Canadian taxpayers, including Canadian-based multinationals, with arm’s-length commercial lending arrangements could be unexpectedly impacted by the 2014 federal budget’s new thin capitalization and withholding tax proposed anti-avoidance measures targeting certain back-to-back loan arrangements. Although the Department of Finance Canada has indicated that the proposed anti-avoidance measures are aimed at certain abusive transactions, the broad wording of the proposals could apply to catch many Canadian taxpayers’ current commercial financing arrangements.

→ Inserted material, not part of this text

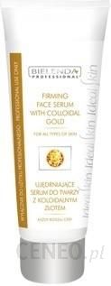 Bielenda ujędrniające serum do twarzy z koloidalnym złotem, każdy rodzaj cery(Firming Face Serum with Colloidal Gold for All Types of Skin)Udoskonala i wzbogaca wszelkie zabiegi na twarz, szyję i dekolt, dla kobiet i mężczyzn w każdym wieku.Działanie:- pobudza naturalną witalność komórek,- hamuje proces powstawania zmarszczek,- wygładza i spłyca zmarszczki już istniejące,- zwiększa sprężystość i elastyczność naskórka,- likwiduje przebarwienia i wyrównuje koloryt skóry,- daje efekt rozświetlonej, pełnej blasku cery.Składniki aktywne:KOLOIDALNE ZŁOTO – przenika przez epidermę i stymuluje komórki skóry do odnowy, pobudza je do produkcji kolagenu i elastyny, ujędrnia, liftinguje i optymalnie nawilża skórę, działa antyrodnikowo. Rozjaśnia, przywracając skórze piękny koloryt.KAWIOR – niezwykle bogate źródło protein i witamin: A, D, E i B, oligoelementów i jodu, niezbędnych do prawidłowego wzrostu tkanek. Zawarte w kawiorze fosfolipidy i fosfor pobudzają regenerację naskórka. Kawior wykazuje intensywne działanie nawilżające i ujędrniające. Poprawia sprężystość i kondycję skóry.ALGI CZERWONE – o nadzwyczajnych właściwościach nawilżających i kondycjonujących skórę.Sposób użycia:Do stosowania na twarz, szyję i dekolt, pod maskę algową KOLOIDALNE ZŁOTO, na zakończenie zabiegów, dla uzyskania rozświetlonej i pełnej blasku skóry.Pojemność: 50 mlBIELENDA PROFESSIONALFirmaistnieje od 1990 roku. Produkuje najwyższej jakości naturalne kosmetyki do pielęgnacji twarzy i ciała. Jest nowoczesną firmą, która od początku swojego istnienia jest wierna przekonaniu, że najbardziej kompleksową, a zarazem bezpieczną i przyjazną skórze pielęgnację zapewniają kosmetyki oparte na naturalnych składnikach aktywnych.W ofercie firmy znajduje się ponad 400 najwyższej jakości produktów skierowanych zarówno do Klienta indywidualnego, jak i odbiorców profesjonalnych – gabinetów kosmetycznych, szkół, ośrodków odnowy biologicznej oraz Wellness & Spa, dla których przygotowaliśmy kompleksową linię kosmetyków profesjonalnych.Preparaty BIELENDA Professional zyskały uznanie rynku kosmetycznego i zostały uhonorowane wieloma nagrodami branżowymi.Wszystkie kosmetyki od momentu pomysłu do finalnego produktu powstają w siedzibie firmy w Krakowie. W Dziale Badawczo – Rozwojowym, zespół kreatywnych technologów i kosmetologów w oparciu o obowiązujące trendy opracowuje coraz doskonalsze receptury.BIELENDA Professional oferuje swoim Klientom szeroką gamę produktów do zabiegów kosmetycznych oraz preparaty do codziennej pielęgnacji domowej. Kosmetyki te pozwalają zachować atrakcyjny wygląd oraz harmonię pomiędzy ciałem, duchem i umysłem.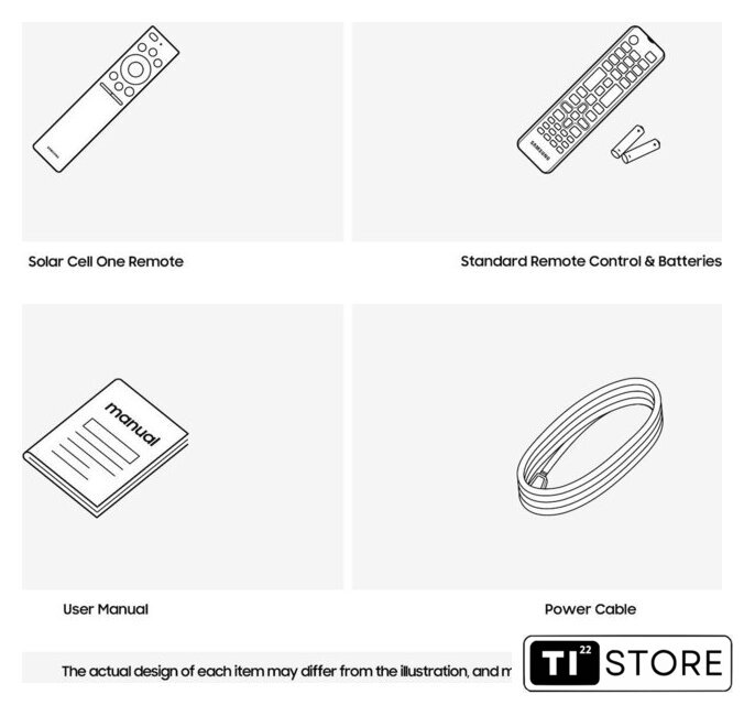 | Пульт в комплекте | Samsung TM2360E – с голосовым управлением, на солнечных батарее, кнопками Netflix, Prime Video, Disney |

The 2014 budget continues the focus on Canada’s thin capitalization regime, following significant amendments presented in the 2012 and 2013 federal budgets. Canada’s thin capitalization rules, like those of many other countries, are aimed at preventing excessive interest deductions on loans received from related non-residents. If the Canadian taxpayer is too thinly capitalized, the rules could limit the deduction of some or all of the interest paid on such loans.
The thin capitalization rules generally limit the deductibility of interest paid to a non-resident who is a “specified shareholder” of a Canadian corporation (called a “specified non-resident shareholder”) or to a non-resident who does not deal at arm’s length with a specified shareholder. A specified shareholder is defined as a person who, either alone or together with non-arm’s-length persons, owns shares of the corporation having at least 25% of the voting rights in the corporation or having a fair market value of at least 25% of the fair market value of all issued and outstanding shares. Loans made by such a non-resident to a Canadian taxpayer are subject to a 1.5:1 debt-to-equity ratio and, if this ratio is exceeded, some or all of the interest paid on the loan would be denied as a deduction, and would instead be treated as a dividend paid to the non-resident.
Canada’s withholding tax regime generally provides an exemption for interest paid to arm’s-length persons, other than interest paid on certain participating debt interests. Interest paid to non-arm’s-length persons is subject to a 25% domestic withholding tax rate, which can be reduced under the terms of a tax treaty, if applicable. Canada’s tax treaties generally allow a 10% withholding tax rate to apply to interest paid to non-arm’s-length persons. In the case of the Canada-U.S. tax treaty, however, this rate can be reduced to 0% if the terms of the limitation on benefits provisions or the anti-hybrid rules do not apply.
The budget papers indicate that some taxpayers have sought to avoid either or both the thin capitalization rules and the application of withholding tax through the use of certain back-to-back loan arrangements. These arrangements typically involve interposing a third-party intermediary (e.g., a foreign bank), between two related taxpayers (e.g., a foreign parent and its Canadian subsidiary) to avoid rules that would have applied if a loan were made directly between the two related taxpayers.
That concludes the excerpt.